The source of this notebook is available.
Sure, you could write a script but you can often get the job done from the command-line.
This is an assortment of command-line tools that I use for wrangling Twitter data. Of course, most of these tools and techniques can be used for wrangle other types of data. If you have others, please let me know.
To illustrate the tools, I retrieved the tweets posted by @gelmanlibrary and @gwtweets using DocNow’s Twarc. Twarc is a command-line tool for retrieving data from Twitter’s API.
twarc timeline gwtweets > gwtweets.jsonl
twarc timeline gelmanlibrary > gelmanlibrary.jsonl
gwtweets.jsonl
and gelmanlibrary.jsonl
are line-oriented JSON files, i.e., tweets are in JSON, with one tweet on each line.
Mac tip: To get Linux-like commands brew install coreutils
wc
Count the tweets
!wc -l *.jsonl
3223 gelmanlibrary.jsonl
3218 gwtweets.jsonl
6441 total
wc gotcha: When counting many tweets, wc -l will output a partial total and then reset the count.
gzip
Because of the size of the datasets that I deal with, I usually gzip compress the tweets.

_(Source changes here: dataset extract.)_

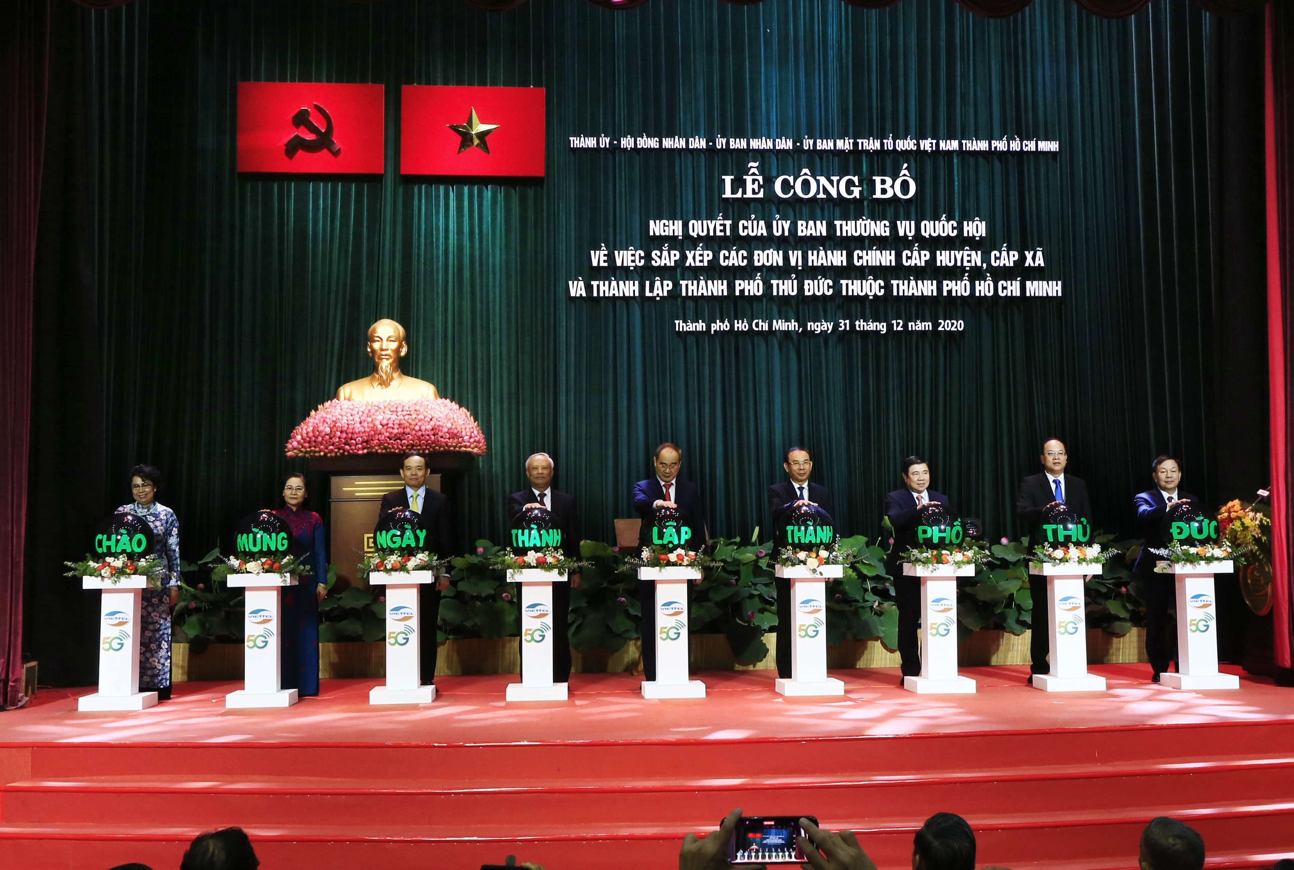 Đồng chí Nguyễn Thiện Nhân, Ủy viên Bộ Chính trị, Trưởng đoàn Đại biểu Quốc hội Thành phố Hồ Chí Minh; Đồng chí Nguyễn Văn Nên, Bí thư Trung ương Đảng, Bí thư Thành ủy Thành phố Hồ Chí Minh; Đồng chí Uông Chu Lưu, Ủy viên Trung ương Đảng, Phó Chủ tịch Quốc hội nước Cộng hòa xã hội chủ nghĩa Việt Nam; cùng các vị lãnh đạo Thành ủy, UBND thành phố Hồ Chí Minh và Thiếu tướng Lê Đăng Dũng- Quyền Chủ tịch kiêm Tổng Giám đốc Tập đoàn Công nghiệp- Viễn thông Quân đội (Viettel) đã bấm nút chính thức khai trương mạng 5G Viettel tại thành phố Thủ Đức.

Compress a stream of tweets
!cat gwtweets.jsonl | gzip > gwtweets.jsonl.gz
!cat gelmanlibrary.jsonl | gzip > gelmanlibrary.jsonl.gz
!ls *.jsonl.gz
gelmanlibrary.jsonl.gz gwtweets.jsonl.gz
Uncompress to a stream of tweets
!gunzip -c *.jsonl.gz | wc -l
6441
awk
Sample tweets
In the following example, I create a 1 in 5 sample.
!gunzip -c *.jsonl.gz | awk 'NR % 5 == 0' > sample.json
!wc -l sample.json
1288 sample.json
split
Split tweets into files by number of tweets
!gunzip -c *.jsonl.gz | split --lines=1000 -d --additional-suffix=.jsonl - tweets-
!wc -l tweets-*.jsonl
1000 tweets-00.jsonl
1000 tweets-01.jsonl
1000 tweets-02.jsonl
1000 tweets-03.jsonl
1000 tweets-04.jsonl
1000 tweets-05.jsonl
441 tweets-06.jsonl
6441 total
jq
jq excels at transforming JSON data. Because jq is such a useful tool for Twitter data, we already have several blog posts dedicated to it:
However, here is an example of one of its uses.
Extract mentions
!gunzip -c *.jsonl.gz | jq -r '.entities.user_mentions[].screen_name' > screen_names.txt
!head -10 screen_names.txt
GWAcadTech
Azodiac83
gelmanlibrary
GWtweets
GWPeterK
GWUSpecColl
GWTextileMuseum
gelmanlibrary
GWAcadTech
gelmanlibrary
sort
Sort a list
-r
reverses the sort order (see the example for uniq).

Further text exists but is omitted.